##### Data extract

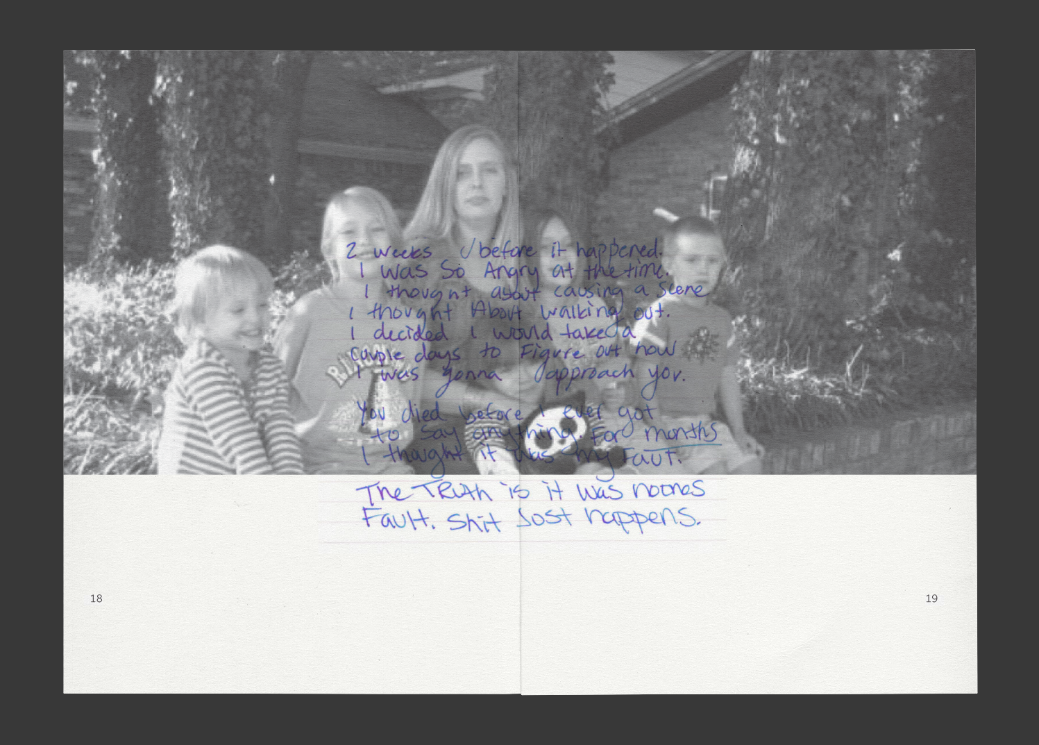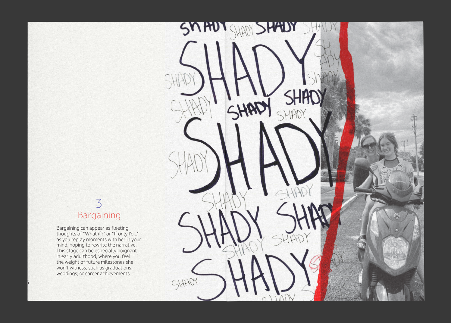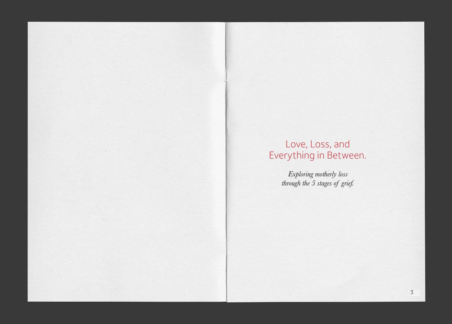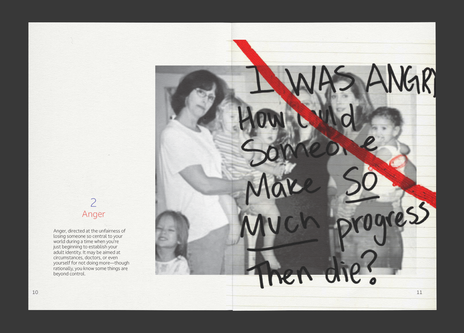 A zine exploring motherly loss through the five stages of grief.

##########
##### Data extract

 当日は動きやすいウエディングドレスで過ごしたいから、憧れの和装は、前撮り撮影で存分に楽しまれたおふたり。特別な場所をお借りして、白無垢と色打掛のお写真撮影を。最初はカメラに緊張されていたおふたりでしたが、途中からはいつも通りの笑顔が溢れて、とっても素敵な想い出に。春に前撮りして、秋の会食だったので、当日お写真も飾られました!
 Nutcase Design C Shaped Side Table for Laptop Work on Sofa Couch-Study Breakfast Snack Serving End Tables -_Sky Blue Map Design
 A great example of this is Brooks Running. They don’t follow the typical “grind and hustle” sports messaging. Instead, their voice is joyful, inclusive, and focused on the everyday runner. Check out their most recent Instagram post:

##########

In the entries above, find the line with "当日は動きやすいウエディング" and the line with "A great example", then set down exactly those two and every line between them, nothing else.

 当日は動きやすいウエディングドレスで過ごしたいから、憧れの和装は、前撮り撮影で存分に楽しまれたおふたり。特別な場所をお借りして、白無垢と色打掛のお写真撮影を。最初はカメラに緊張されていたおふたりでしたが、途中からはいつも通りの笑顔が溢れて、とっても素敵な想い出に。春に前撮りして、秋の会食だったので、当日お写真も飾られました!
 Nutcase Design C Shaped Side Table for Laptop Work on Sofa Couch-Study Breakfast Snack Serving End Tables -_Sky Blue Map Design
 A great example of this is Brooks Running. They don’t follow the typical “grind and hustle” sports messaging. Instead, their voice is joyful, inclusive, and focused on the everyday runner. Check out their most recent Instagram post:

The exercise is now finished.